Within the material below, locate the line with "会上,百度智能云AI平台副总" and the line with "6月14日,茶文化體驗(yàn)館,制茶師向公眾和客商展示傳統(tǒng)制茶工藝。新華網(wǎng) 肖和勇 攝", then return those two lines and all lines between them, exactly as written.
== Input data ==
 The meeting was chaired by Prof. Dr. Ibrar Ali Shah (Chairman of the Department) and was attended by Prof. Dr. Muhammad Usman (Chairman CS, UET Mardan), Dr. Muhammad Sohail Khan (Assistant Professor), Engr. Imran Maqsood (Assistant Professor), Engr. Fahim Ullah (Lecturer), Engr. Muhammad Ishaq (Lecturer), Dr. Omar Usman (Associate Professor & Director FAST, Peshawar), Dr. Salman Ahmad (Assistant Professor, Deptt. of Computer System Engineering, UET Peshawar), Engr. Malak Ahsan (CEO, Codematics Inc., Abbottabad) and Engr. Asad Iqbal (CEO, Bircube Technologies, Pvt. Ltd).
===
== Input data ==
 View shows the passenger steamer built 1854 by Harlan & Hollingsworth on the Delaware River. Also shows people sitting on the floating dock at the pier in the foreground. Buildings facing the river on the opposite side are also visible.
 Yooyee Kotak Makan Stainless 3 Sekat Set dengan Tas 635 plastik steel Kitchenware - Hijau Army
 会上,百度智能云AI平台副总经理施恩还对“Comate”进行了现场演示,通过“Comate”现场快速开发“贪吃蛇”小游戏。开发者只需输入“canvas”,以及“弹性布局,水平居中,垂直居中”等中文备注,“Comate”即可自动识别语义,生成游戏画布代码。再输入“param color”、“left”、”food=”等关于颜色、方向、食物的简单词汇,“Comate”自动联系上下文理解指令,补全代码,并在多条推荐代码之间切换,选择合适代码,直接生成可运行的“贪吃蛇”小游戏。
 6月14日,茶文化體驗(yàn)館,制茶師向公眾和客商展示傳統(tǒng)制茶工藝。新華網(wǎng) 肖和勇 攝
===
> **Your solution**:
 会上,百度智能云AI平台副总经理施恩还对“Comate”进行了现场演示,通过“Comate”现场快速开发“贪吃蛇”小游戏。开发者只需输入“canvas”,以及“弹性布局,水平居中,垂直居中”等中文备注,“Comate”即可自动识别语义,生成游戏画布代码。再输入“param color”、“left”、”food=”等关于颜色、方向、食物的简单词汇,“Comate”自动联系上下文理解指令,补全代码,并在多条推荐代码之间切换,选择合适代码,直接生成可运行的“贪吃蛇”小游戏。
 6月14日,茶文化體驗(yàn)館,制茶師向公眾和客商展示傳統(tǒng)制茶工藝。新華網(wǎng) 肖和勇 攝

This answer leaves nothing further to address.